EXERCISE GOAL = Your output should be everything below from the line containing "- В верхней" down to the line containing "Detaily: prešívaná štruktúra, klasický", both ends included, copied exactly, with pictures left out.

INPUT RECORDS =
*** Block opens ***

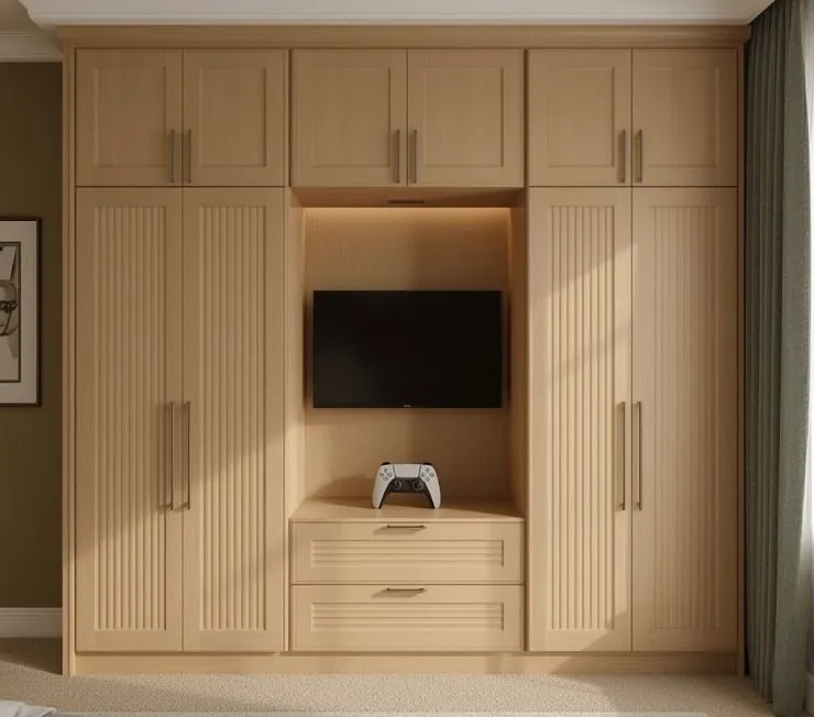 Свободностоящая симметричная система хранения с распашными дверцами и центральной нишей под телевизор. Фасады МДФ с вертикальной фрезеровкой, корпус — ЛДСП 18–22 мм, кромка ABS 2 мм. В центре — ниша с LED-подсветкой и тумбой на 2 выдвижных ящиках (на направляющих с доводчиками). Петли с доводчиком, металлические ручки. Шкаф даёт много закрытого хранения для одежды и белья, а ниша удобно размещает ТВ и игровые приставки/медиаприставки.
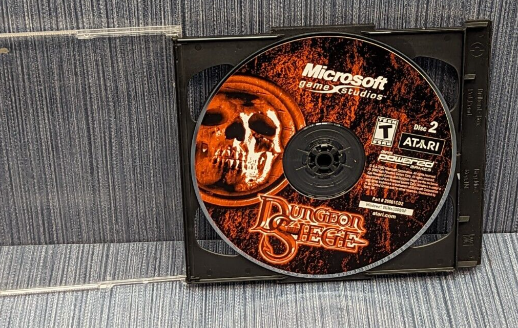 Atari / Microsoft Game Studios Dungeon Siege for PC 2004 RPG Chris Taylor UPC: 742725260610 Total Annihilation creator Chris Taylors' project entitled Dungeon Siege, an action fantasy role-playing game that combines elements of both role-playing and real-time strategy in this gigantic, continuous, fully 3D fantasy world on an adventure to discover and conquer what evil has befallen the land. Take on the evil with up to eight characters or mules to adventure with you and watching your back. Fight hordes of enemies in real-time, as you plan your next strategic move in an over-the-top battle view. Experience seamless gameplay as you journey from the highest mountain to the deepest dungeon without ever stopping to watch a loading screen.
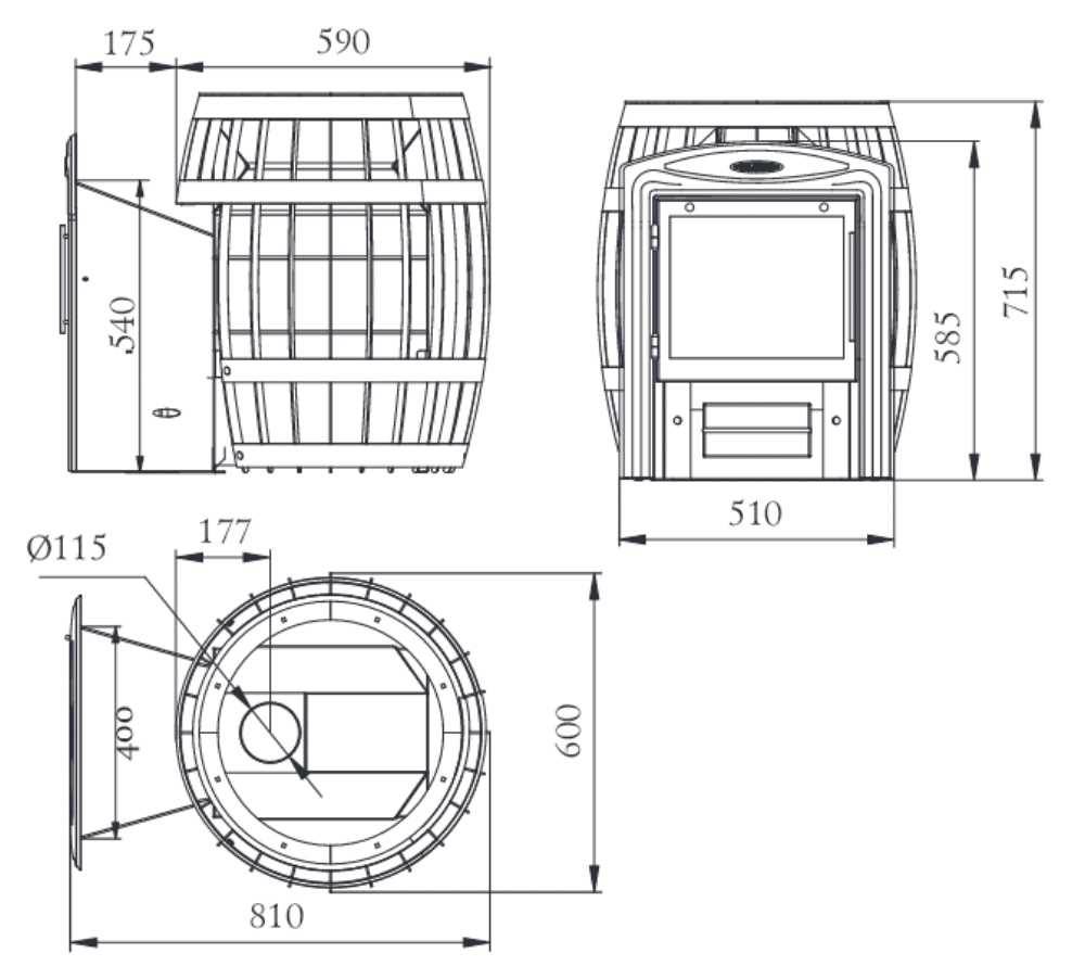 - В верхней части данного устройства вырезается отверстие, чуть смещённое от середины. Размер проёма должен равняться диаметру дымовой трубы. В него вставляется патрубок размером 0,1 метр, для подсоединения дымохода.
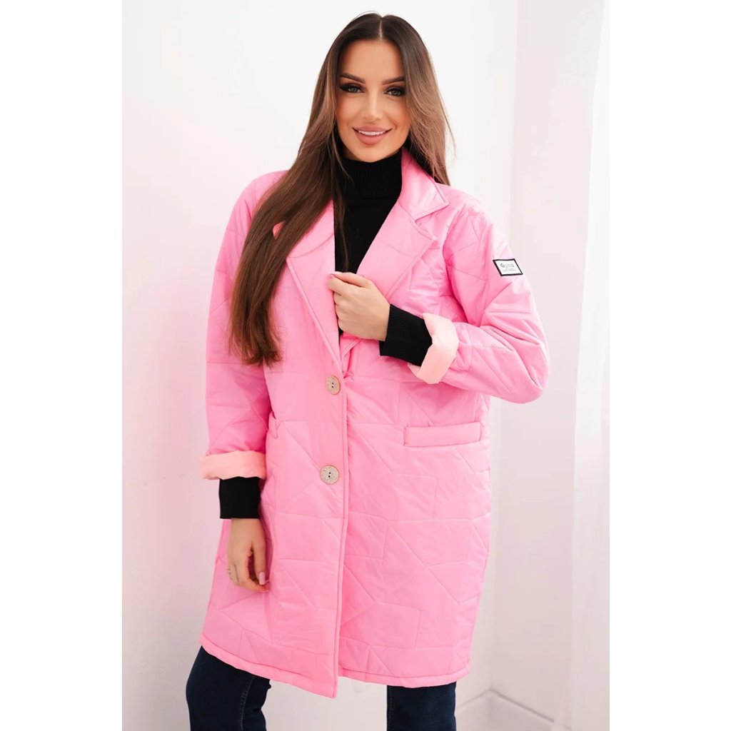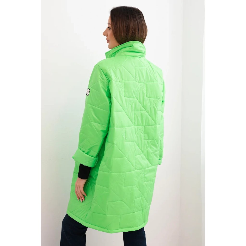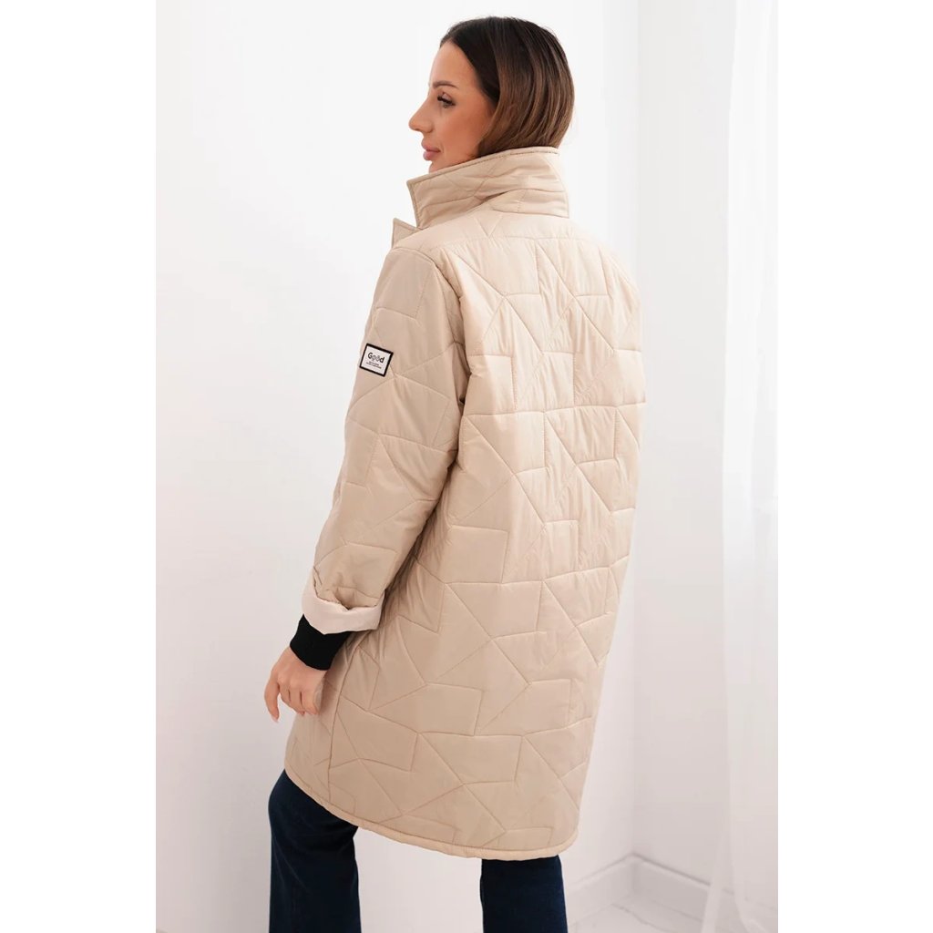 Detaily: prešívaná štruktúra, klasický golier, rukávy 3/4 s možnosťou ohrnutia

*** Block closes ***
*** Block opens ***

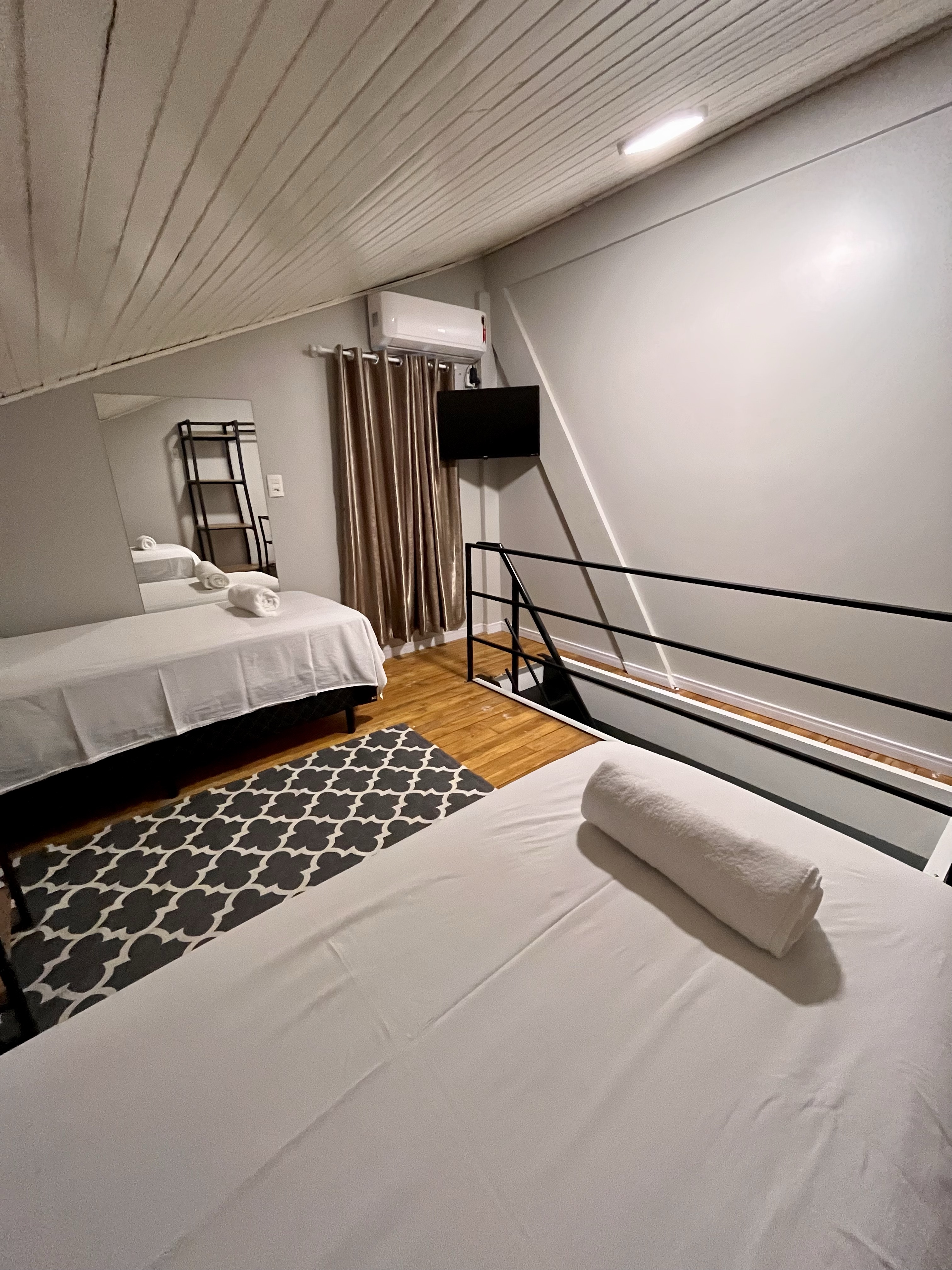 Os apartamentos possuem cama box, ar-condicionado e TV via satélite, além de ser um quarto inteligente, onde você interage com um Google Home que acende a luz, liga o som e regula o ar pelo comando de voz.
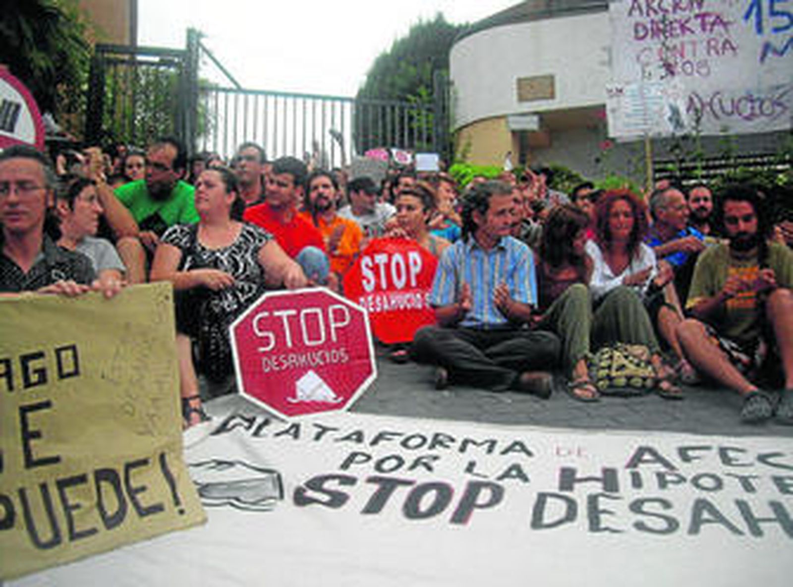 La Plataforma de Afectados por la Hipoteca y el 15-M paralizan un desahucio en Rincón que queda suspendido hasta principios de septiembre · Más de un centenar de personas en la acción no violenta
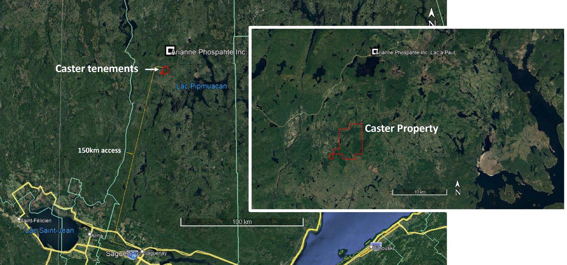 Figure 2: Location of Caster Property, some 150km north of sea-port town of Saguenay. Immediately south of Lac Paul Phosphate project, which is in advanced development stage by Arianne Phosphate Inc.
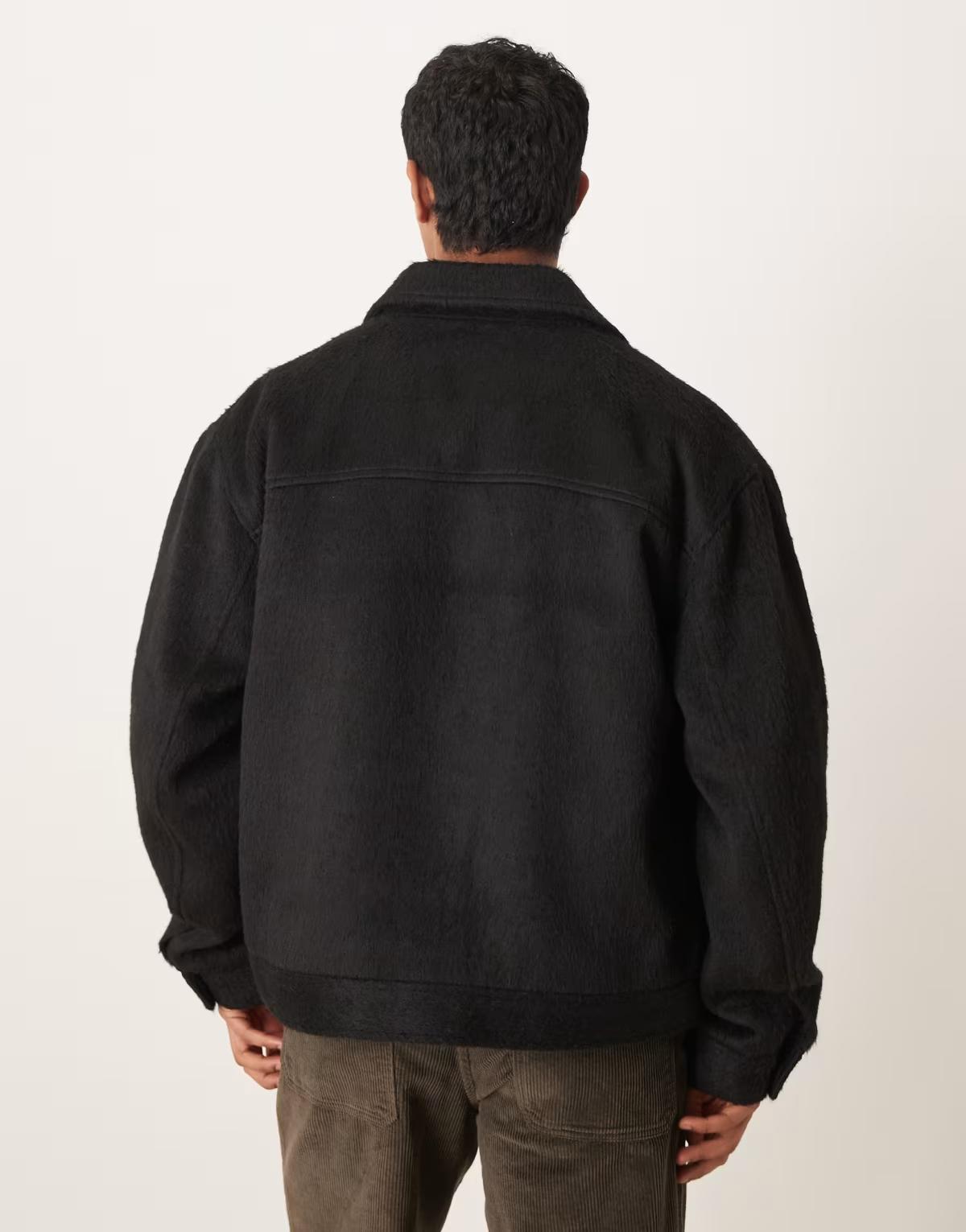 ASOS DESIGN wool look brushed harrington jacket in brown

*** Block closes ***
*** Block opens ***

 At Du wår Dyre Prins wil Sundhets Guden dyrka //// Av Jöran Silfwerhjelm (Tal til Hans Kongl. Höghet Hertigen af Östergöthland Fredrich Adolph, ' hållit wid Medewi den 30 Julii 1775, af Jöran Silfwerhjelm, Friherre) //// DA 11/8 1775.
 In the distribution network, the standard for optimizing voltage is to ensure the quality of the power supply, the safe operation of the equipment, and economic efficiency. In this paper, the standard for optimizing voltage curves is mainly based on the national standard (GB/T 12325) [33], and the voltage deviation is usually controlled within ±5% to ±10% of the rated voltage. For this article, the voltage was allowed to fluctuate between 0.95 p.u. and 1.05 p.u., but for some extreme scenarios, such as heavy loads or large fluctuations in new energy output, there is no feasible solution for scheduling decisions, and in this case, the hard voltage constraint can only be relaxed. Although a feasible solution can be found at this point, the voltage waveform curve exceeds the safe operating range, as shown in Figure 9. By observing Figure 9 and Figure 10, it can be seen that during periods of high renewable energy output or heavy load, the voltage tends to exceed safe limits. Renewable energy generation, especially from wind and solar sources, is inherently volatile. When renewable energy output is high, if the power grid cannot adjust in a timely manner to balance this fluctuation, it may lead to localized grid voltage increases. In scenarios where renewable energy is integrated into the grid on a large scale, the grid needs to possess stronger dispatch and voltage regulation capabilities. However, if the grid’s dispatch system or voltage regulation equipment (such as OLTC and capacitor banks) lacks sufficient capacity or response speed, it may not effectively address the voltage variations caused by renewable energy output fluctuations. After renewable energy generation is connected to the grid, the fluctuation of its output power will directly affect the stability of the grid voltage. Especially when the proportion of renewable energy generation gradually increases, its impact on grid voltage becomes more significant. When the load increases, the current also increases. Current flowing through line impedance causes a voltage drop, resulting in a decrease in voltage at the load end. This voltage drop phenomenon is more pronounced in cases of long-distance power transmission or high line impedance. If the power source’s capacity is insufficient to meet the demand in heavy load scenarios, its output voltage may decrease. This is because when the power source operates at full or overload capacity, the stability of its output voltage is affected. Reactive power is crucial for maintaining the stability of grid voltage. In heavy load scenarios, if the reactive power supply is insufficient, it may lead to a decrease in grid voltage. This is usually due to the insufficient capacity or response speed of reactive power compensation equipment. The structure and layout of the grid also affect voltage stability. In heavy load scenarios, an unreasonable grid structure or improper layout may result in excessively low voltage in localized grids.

*** Block closes ***

FINISHED TASK =
 - В верхней части данного устройства вырезается отверстие, чуть смещённое от середины. Размер проёма должен равняться диаметру дымовой трубы. В него вставляется патрубок размером 0,1 метр, для подсоединения дымохода.
 Detaily: prešívaná štruktúra, klasický golier, rukávy 3/4 s možnosťou ohrnutia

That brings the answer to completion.